Mal took one last look out at the horizon to the bright, sparkling speck in the distance. She felt a pang in her gut, like longing. But what for, she couldn’t say.
“Miserable,
darling, as
usual, perfectly
wretched.”
—Cruella De Vil,
101 Dalmatians
Jay left the Bargain Castle behind him. It was the very end of night, the time when it was just turning toward morning—when it was still dark, but you could already hear the mournful call of the vultures scavenging their way across the island. He shivered, retracing his steps through the grim backstreets and alleyways of the town, past the eerily bare trees and broken-shuttered buildings that looked as abandoned and hopeless as everyone who lived there.
Jay quickened his pace. He wasn’t scared of the dark; he depended on it. Jay did some of his best work at night. He’d never get used to the way the island felt in the darkness, though. Jay picked up on it most when everyone else was asleep, and he could see the world around him clearly, for what it was. He could see that this town and this island and these bare trees and these broken shutters were his life, no matter what other life his father and his peers had known. There was no glory here. No magic and no power, either. This was it—all they would ever have or be or know.
No matter what Mal thinks.
Jay kicked a rock across the crumbling cobblestones, and an irritated cat howled back at him from the shadows.
She’s so full of it.
Mal wouldn’t admit it—their defeat—especially not when she was in a mood like tonight. Mal was so stubborn sometimes. Practically delusional. In moments like these, Jay had clearly seen the effects of a raised-by-a-maniacal-villain upbringing. He couldn’t blame Mal for not wanting to tell her mother no—nobody would—but really, there was no way that Maleficent’s scepter was somewhere on the Isle of the Lost, and even if it was, Jay and Mal would never find it.
Jay shook his head.
Eye of the Dragon? More like, Eye of Desperation.

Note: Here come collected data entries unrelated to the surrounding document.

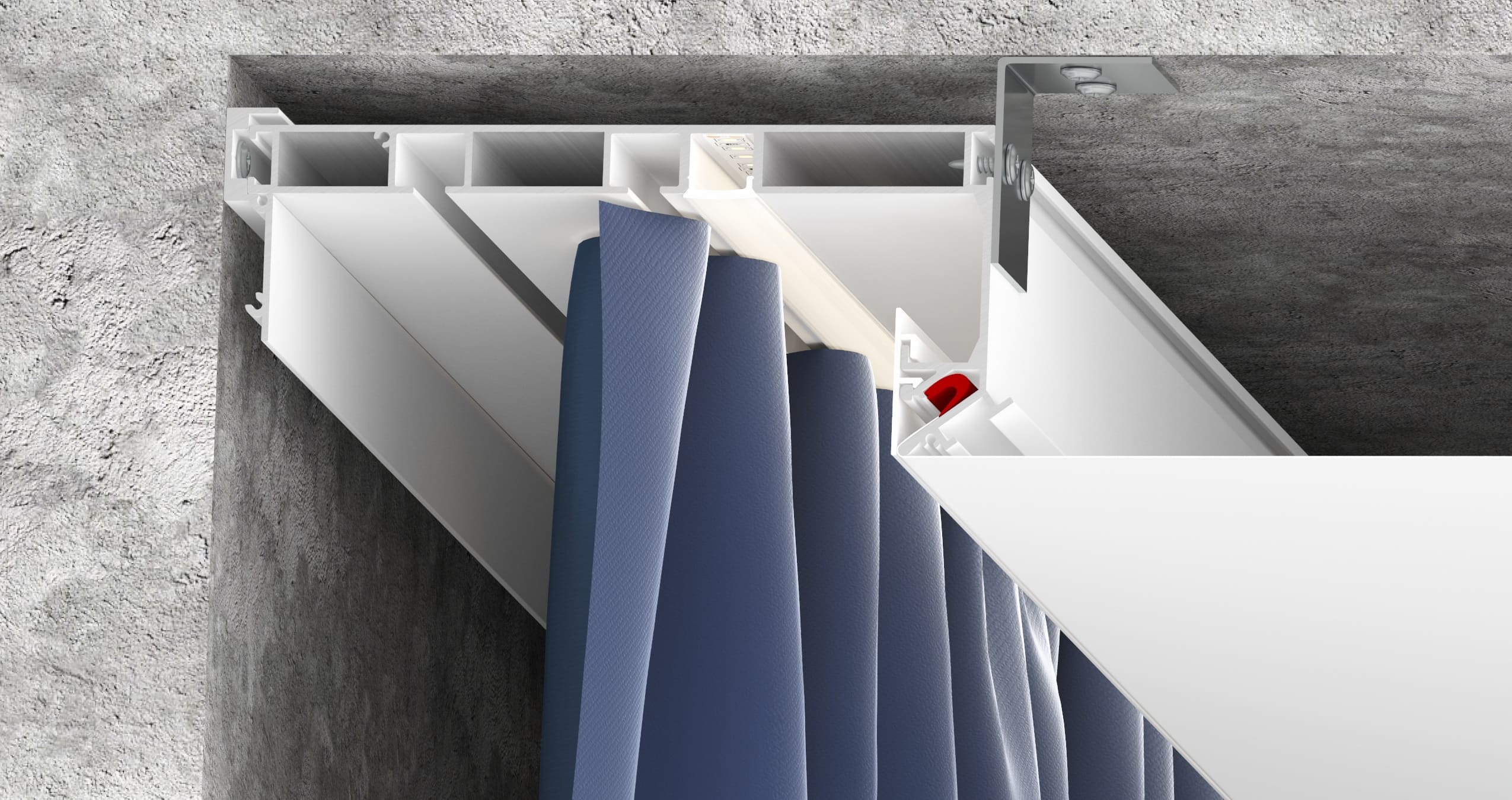 Скрытый карниз 03: Разновидность дизайнерского карниза, который устанавливается вплотную к стене. Он представляет собой цельнометаллический профиль белого или черного цвета с двумя рядами для крепления крючков. Карниз имеет оптимальную ширину для того, чтобы складки на шторах формировались правильно. Возможна установка светодиодной ленты для подсветки штор, которая направлена вертикально вниз и закрывается рассеивателем. Конструкция профиля предусматривает фиксацию полотна при помощи гарпунной системы крепления. Вертикальный паз для фиксации гарпуна закрывается маскирующей вставкой, алюминиевой или ПВХ.
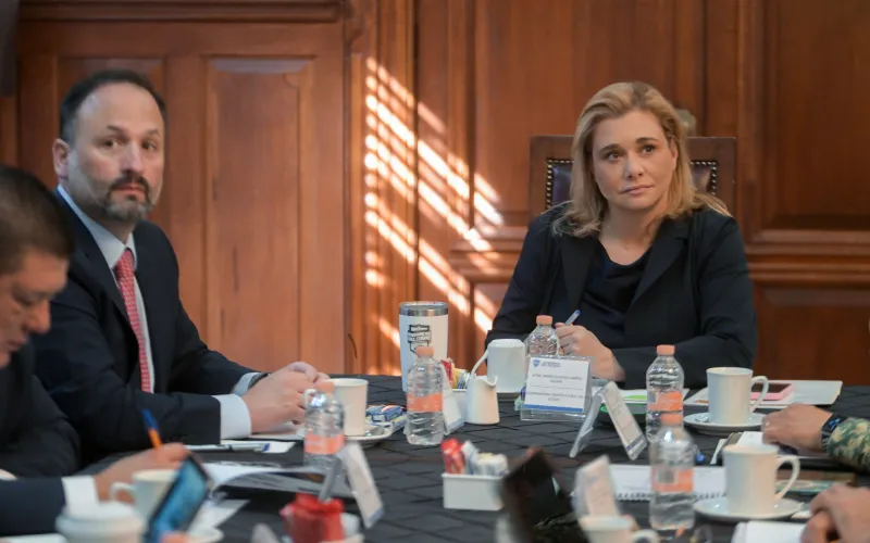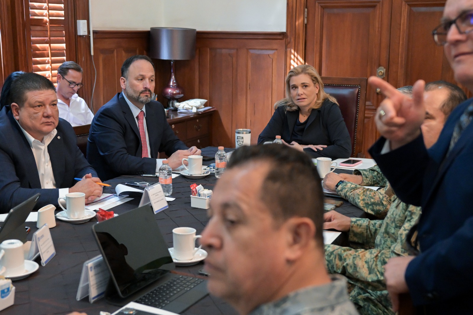 La gobernadora Maru Campos encabezó este lunes en Palacio de Gobierno la reunión semanal de la Mesa de Coordinación de Construcción de Paz, donde refrendó el trabajo de colaboración con las autoridades federales, para garantizar la tranquilidad de los chihuahuenses.
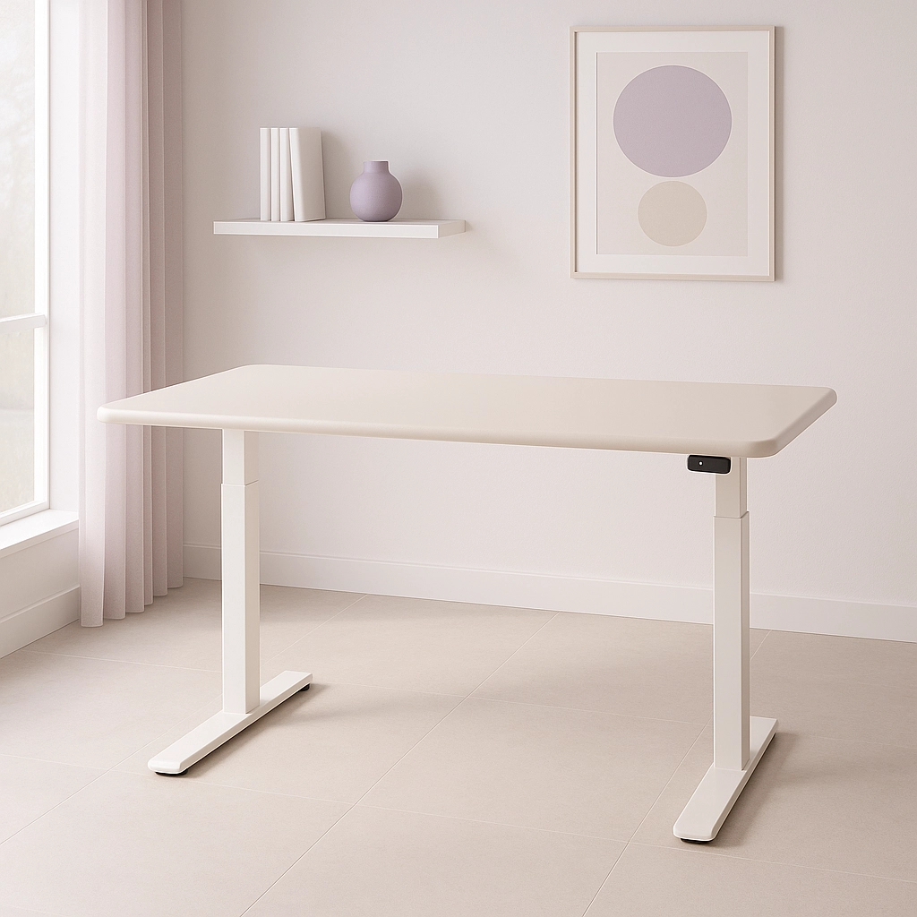 • Solidny blat do stołu lub biurka o wymiarach 120 x 60 cm wykonany z wysokiej jakości płyty MDF lakierowanej proszkowo. Zaokrąglone rogi i boki. Grubość 25 mm. Nadaje się do stelaży z elektryczną regulacją wysokości.
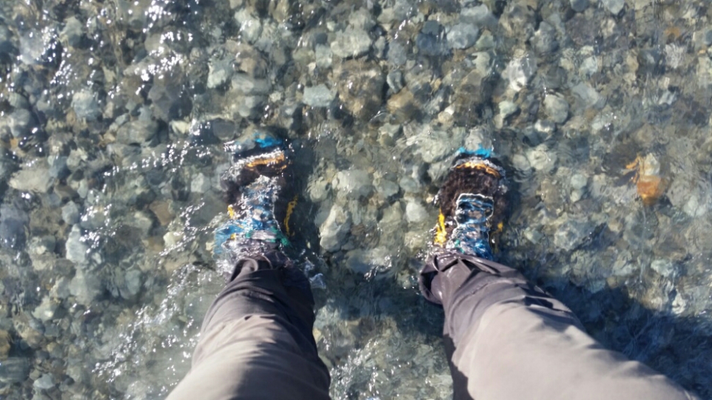 I decided to use Janet’s 500 meter guide.Β It made the crossing way longer because I got higher up than even 500. But it was pretty easy to find places to cross that were below my knees. And then 3 meters from finishing all the crossings I slipped and did a belly flop in 6 inches of water. I guess I let my guard down a bit too early. I just had to laugh.
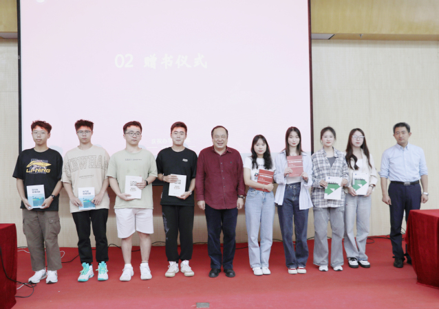 许建国教授向我院学生赠送财税相关书籍并合影留念。
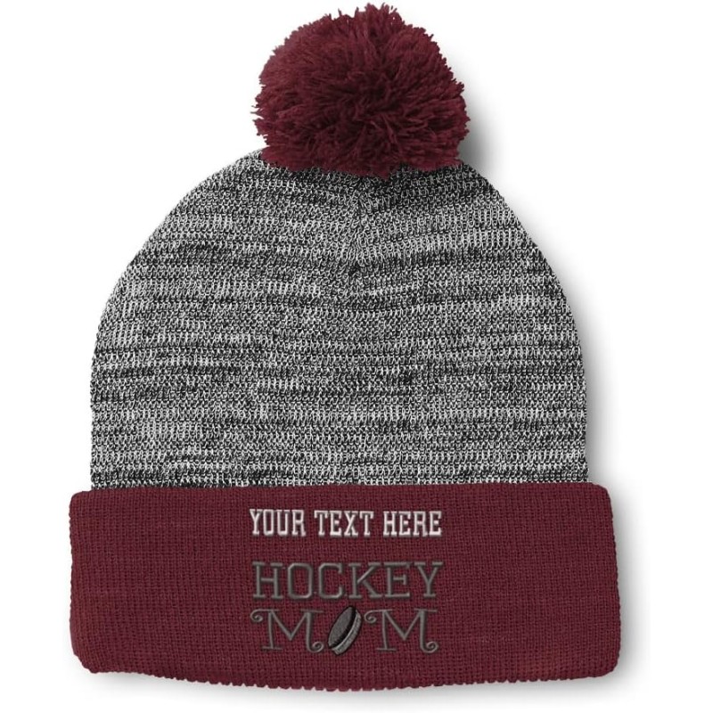 Speedy Pros Pom Pom Beanies for Women Hockey Mom A Embroidery Skull Cap Humor Winter Hats for Men Acrylic 1 Size(Heather Gray Burgundy Personalized Text Here)
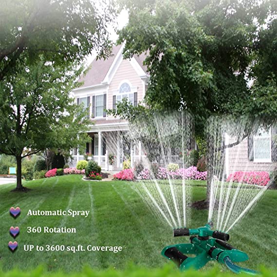 ✔️Rociador de agua automático, con 3 brazos giratorios ajustables y 12 boquillas de pulverización de diferentes ángulos integradas, sistema de riego eficaz para tu césped.
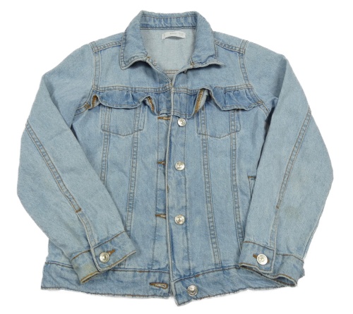 Svetlomodrá rifľová bunda s volánikmi Mango

That raven is bonkers, probably from being frozen for twenty years.
He shrugged and rounded the corner to his own street. He tried to forget about it, half-expecting (and half-hoping) Mal would probably do the same. She had her whims, but they never seemed to last. That was the good thing about Mal; she would get all worked up about something, but totally drop it the next day. They got along because Jay had learned to just ride out the storm.
When he finally made his way through the last of the puzzle of stolen locks, chains, and deadbolts that guarded his own house (thieves being the most paranoid about burglary), he pushed the rotting wooden door open with a creak and crept inside.
One foot at a time. Shift your body weight as you step. Stick close to the wall….
“Jay? Is that you?”
Crap.
His father was still awake, cooking eggs, his faithful parrot, Iago, on his shoulder. Was Jafar worried about his only son being out so late? Was he worried about where he’d been, or who he’d been with, or why he hadn’t come home until now?
Nah. His father had only one thing on his mind, and Jay knew exactly what it was.
“What’s tonight’s haul?” Jafar asked greedily, as he set his plate of food down on the kitchen table, next to a pile of rusty coins that passed for currency on the island. The table was where Jafar practiced his favorite hobby: counting his money. There was a good-sized pyramid of coins on the table, but Jay knew it wouldn’t satisfy Jafar’s greed.